■ **Task description**
From the first line to the last, output the data exactly as it stands, minus its pictures.

■ **Material for this exercise**
= Beginning of Section =
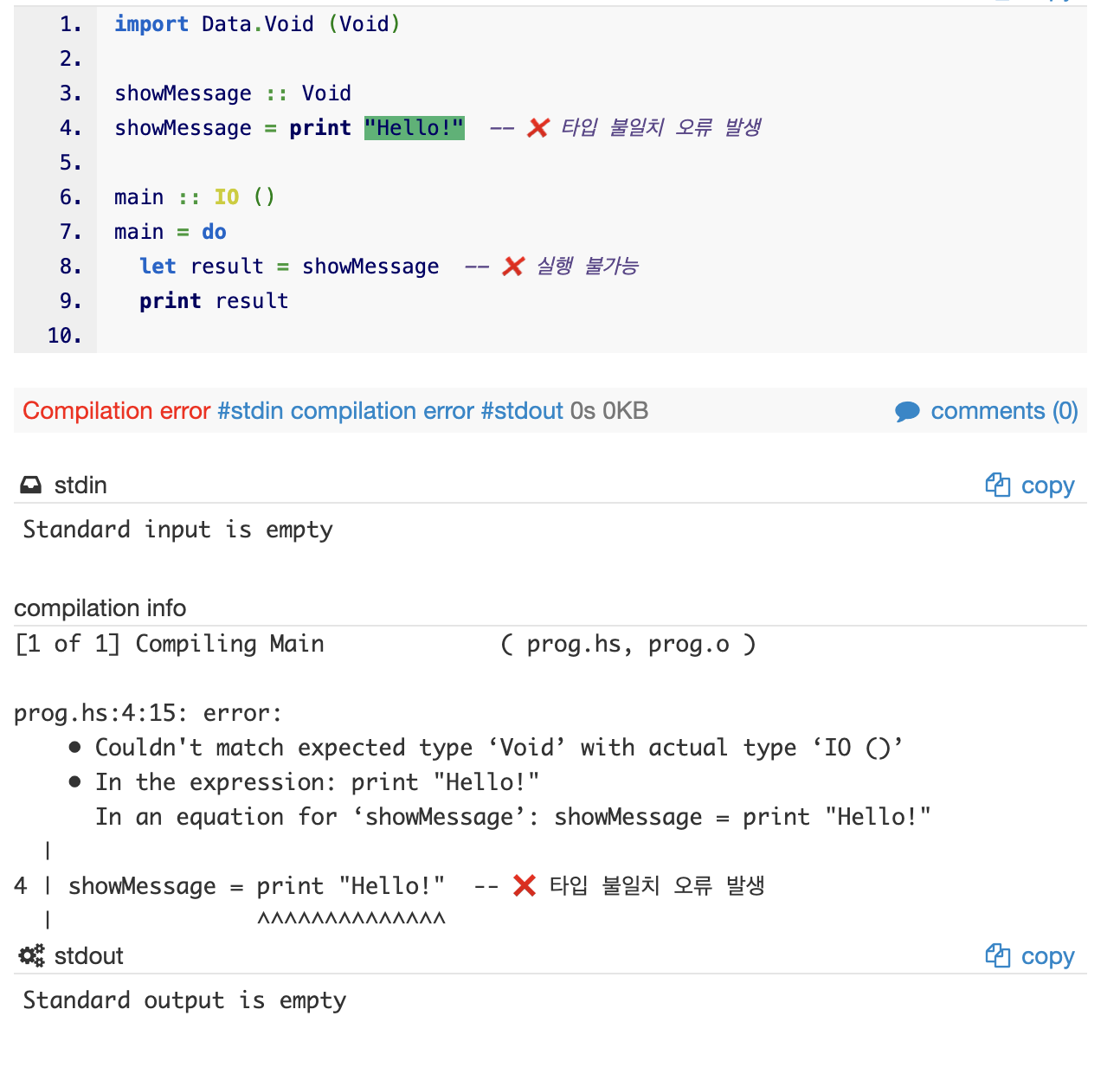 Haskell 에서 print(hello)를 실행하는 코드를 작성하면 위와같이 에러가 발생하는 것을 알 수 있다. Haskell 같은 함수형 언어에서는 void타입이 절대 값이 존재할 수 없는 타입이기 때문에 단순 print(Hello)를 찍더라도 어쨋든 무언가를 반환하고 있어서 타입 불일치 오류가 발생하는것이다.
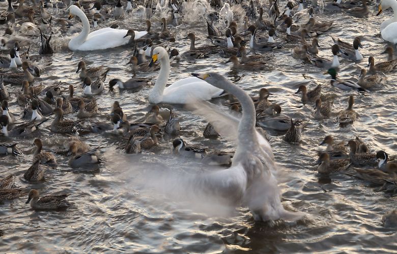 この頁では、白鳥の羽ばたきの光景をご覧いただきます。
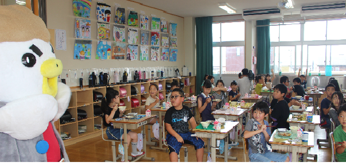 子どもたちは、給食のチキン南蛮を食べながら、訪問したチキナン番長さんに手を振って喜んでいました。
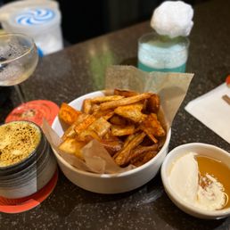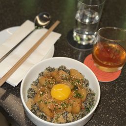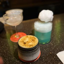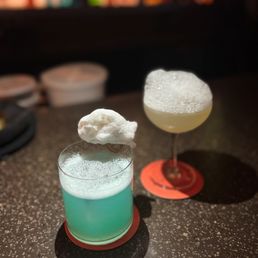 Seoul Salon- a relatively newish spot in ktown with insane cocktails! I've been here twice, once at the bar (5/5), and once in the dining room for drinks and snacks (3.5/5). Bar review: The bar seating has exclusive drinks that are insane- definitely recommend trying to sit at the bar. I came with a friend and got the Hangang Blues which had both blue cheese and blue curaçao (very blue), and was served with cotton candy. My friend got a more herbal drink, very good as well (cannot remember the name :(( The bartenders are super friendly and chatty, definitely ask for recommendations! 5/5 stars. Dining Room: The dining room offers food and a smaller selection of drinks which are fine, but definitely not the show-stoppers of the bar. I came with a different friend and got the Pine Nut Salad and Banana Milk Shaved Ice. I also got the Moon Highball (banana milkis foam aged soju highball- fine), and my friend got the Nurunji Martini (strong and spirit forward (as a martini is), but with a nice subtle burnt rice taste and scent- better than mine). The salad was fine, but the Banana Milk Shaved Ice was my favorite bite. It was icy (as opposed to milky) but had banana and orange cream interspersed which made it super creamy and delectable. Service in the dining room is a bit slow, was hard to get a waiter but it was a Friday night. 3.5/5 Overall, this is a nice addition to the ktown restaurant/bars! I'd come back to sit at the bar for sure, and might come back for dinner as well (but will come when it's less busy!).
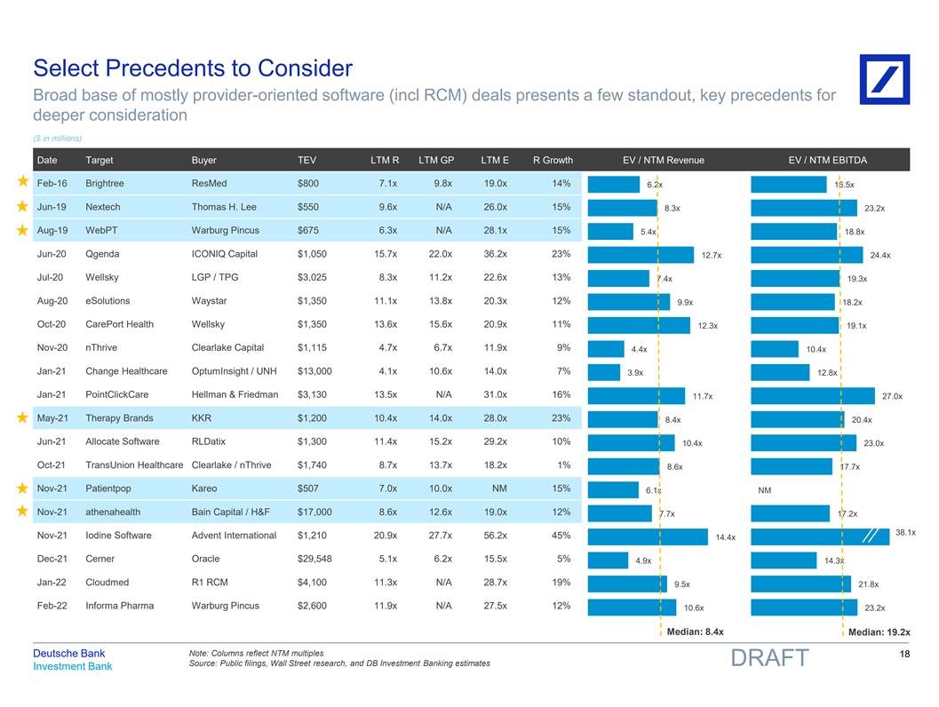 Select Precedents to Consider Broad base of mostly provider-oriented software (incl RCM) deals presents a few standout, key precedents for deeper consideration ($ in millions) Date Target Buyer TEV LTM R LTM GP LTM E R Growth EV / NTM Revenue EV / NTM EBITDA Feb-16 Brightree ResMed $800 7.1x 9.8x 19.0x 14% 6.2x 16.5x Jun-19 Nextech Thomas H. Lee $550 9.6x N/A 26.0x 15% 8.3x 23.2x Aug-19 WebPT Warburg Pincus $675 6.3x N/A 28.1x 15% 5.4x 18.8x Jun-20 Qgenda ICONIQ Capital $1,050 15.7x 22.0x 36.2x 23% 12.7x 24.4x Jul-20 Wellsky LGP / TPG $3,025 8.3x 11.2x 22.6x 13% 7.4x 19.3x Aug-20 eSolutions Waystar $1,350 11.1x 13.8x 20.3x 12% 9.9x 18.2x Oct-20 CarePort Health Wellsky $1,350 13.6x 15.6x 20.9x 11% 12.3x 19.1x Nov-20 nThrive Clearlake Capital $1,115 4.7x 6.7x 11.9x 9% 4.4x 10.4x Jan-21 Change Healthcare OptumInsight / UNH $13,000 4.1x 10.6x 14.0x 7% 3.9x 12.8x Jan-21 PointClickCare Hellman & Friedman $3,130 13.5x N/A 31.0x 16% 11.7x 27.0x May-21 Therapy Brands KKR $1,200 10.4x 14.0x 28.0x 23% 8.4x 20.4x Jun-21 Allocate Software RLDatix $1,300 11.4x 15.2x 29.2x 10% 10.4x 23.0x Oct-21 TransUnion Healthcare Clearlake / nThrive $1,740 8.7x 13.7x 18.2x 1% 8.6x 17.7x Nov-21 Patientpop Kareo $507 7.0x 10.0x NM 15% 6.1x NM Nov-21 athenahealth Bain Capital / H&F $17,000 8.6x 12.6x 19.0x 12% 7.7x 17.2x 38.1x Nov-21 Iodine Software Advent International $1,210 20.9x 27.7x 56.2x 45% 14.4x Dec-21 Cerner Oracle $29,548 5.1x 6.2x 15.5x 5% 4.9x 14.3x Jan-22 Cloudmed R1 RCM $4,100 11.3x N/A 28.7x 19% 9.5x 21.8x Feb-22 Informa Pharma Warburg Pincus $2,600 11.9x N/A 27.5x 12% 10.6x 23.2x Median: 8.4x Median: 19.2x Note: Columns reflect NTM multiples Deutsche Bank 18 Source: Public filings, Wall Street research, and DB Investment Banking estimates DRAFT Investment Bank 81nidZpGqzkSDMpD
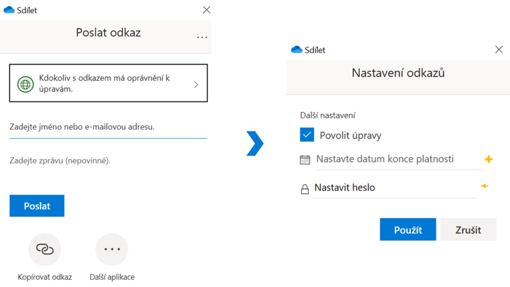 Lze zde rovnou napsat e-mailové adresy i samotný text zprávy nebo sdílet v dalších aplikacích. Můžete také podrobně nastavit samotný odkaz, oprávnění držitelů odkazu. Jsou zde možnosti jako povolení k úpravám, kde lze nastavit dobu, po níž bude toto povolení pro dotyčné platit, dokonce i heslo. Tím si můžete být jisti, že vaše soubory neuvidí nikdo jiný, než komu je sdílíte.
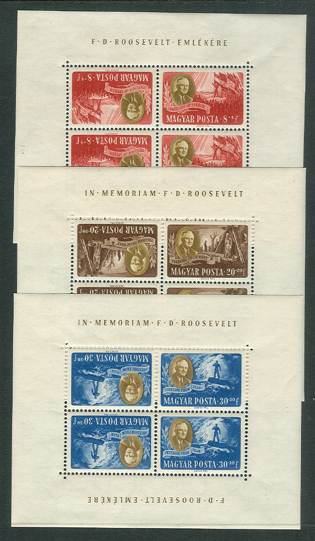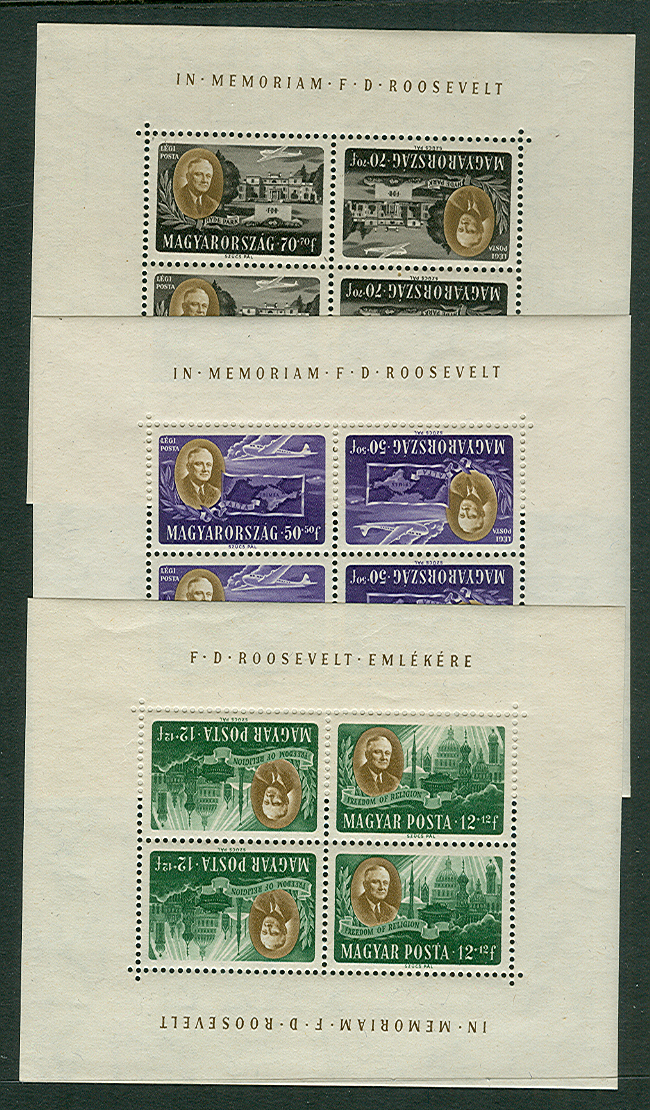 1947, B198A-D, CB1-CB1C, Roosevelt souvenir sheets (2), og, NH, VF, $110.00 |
= End of Section =
■ **Task answer**
 Haskell 에서 print(hello)를 실행하는 코드를 작성하면 위와같이 에러가 발생하는 것을 알 수 있다. Haskell 같은 함수형 언어에서는 void타입이 절대 값이 존재할 수 없는 타입이기 때문에 단순 print(Hello)를 찍더라도 어쨋든 무언가를 반환하고 있어서 타입 불일치 오류가 발생하는것이다.
 この頁では、白鳥の羽ばたきの光景をご覧いただきます。
 子どもたちは、給食のチキン南蛮を食べながら、訪問したチキナン番長さんに手を振って喜んでいました。
 Seoul Salon- a relatively newish spot in ktown with insane cocktails! I've been here twice, once at the bar (5/5), and once in the dining room for drinks and snacks (3.5/5). Bar review: The bar seating has exclusive drinks that are insane- definitely recommend trying to sit at the bar. I came with a friend and got the Hangang Blues which had both blue cheese and blue curaçao (very blue), and was served with cotton candy. My friend got a more herbal drink, very good as well (cannot remember the name :(( The bartenders are super friendly and chatty, definitely ask for recommendations! 5/5 stars. Dining Room: The dining room offers food and a smaller selection of drinks which are fine, but definitely not the show-stoppers of the bar. I came with a different friend and got the Pine Nut Salad and Banana Milk Shaved Ice. I also got the Moon Highball (banana milkis foam aged soju highball- fine), and my friend got the Nurunji Martini (strong and spirit forward (as a martini is), but with a nice subtle burnt rice taste and scent- better than mine). The salad was fine, but the Banana Milk Shaved Ice was my favorite bite. It was icy (as opposed to milky) but had banana and orange cream interspersed which made it super creamy and delectable. Service in the dining room is a bit slow, was hard to get a waiter but it was a Friday night. 3.5/5 Overall, this is a nice addition to the ktown restaurant/bars! I'd come back to sit at the bar for sure, and might come back for dinner as well (but will come when it's less busy!).
 Select Precedents to Consider Broad base of mostly provider-oriented software (incl RCM) deals presents a few standout, key precedents for deeper consideration ($ in millions) Date Target Buyer TEV LTM R LTM GP LTM E R Growth EV / NTM Revenue EV / NTM EBITDA Feb-16 Brightree ResMed $800 7.1x 9.8x 19.0x 14% 6.2x 16.5x Jun-19 Nextech Thomas H. Lee $550 9.6x N/A 26.0x 15% 8.3x 23.2x Aug-19 WebPT Warburg Pincus $675 6.3x N/A 28.1x 15% 5.4x 18.8x Jun-20 Qgenda ICONIQ Capital $1,050 15.7x 22.0x 36.2x 23% 12.7x 24.4x Jul-20 Wellsky LGP / TPG $3,025 8.3x 11.2x 22.6x 13% 7.4x 19.3x Aug-20 eSolutions Waystar $1,350 11.1x 13.8x 20.3x 12% 9.9x 18.2x Oct-20 CarePort Health Wellsky $1,350 13.6x 15.6x 20.9x 11% 12.3x 19.1x Nov-20 nThrive Clearlake Capital $1,115 4.7x 6.7x 11.9x 9% 4.4x 10.4x Jan-21 Change Healthcare OptumInsight / UNH $13,000 4.1x 10.6x 14.0x 7% 3.9x 12.8x Jan-21 PointClickCare Hellman & Friedman $3,130 13.5x N/A 31.0x 16% 11.7x 27.0x May-21 Therapy Brands KKR $1,200 10.4x 14.0x 28.0x 23% 8.4x 20.4x Jun-21 Allocate Software RLDatix $1,300 11.4x 15.2x 29.2x 10% 10.4x 23.0x Oct-21 TransUnion Healthcare Clearlake / nThrive $1,740 8.7x 13.7x 18.2x 1% 8.6x 17.7x Nov-21 Patientpop Kareo $507 7.0x 10.0x NM 15% 6.1x NM Nov-21 athenahealth Bain Capital / H&F $17,000 8.6x 12.6x 19.0x 12% 7.7x 17.2x 38.1x Nov-21 Iodine Software Advent International $1,210 20.9x 27.7x 56.2x 45% 14.4x Dec-21 Cerner Oracle $29,548 5.1x 6.2x 15.5x 5% 4.9x 14.3x Jan-22 Cloudmed R1 RCM $4,100 11.3x N/A 28.7x 19% 9.5x 21.8x Feb-22 Informa Pharma Warburg Pincus $2,600 11.9x N/A 27.5x 12% 10.6x 23.2x Median: 8.4x Median: 19.2x Note: Columns reflect NTM multiples Deutsche Bank 18 Source: Public filings, Wall Street research, and DB Investment Banking estimates DRAFT Investment Bank 81nidZpGqzkSDMpD
 Lze zde rovnou napsat e-mailové adresy i samotný text zprávy nebo sdílet v dalších aplikacích. Můžete také podrobně nastavit samotný odkaz, oprávnění držitelů odkazu. Jsou zde možnosti jako povolení k úpravám, kde lze nastavit dobu, po níž bude toto povolení pro dotyčné platit, dokonce i heslo. Tím si můžete být jisti, že vaše soubory neuvidí nikdo jiný, než komu je sdílíte.
 1947, B198A-D, CB1-CB1C, Roosevelt souvenir sheets (2), og, NH, VF, $110.00 |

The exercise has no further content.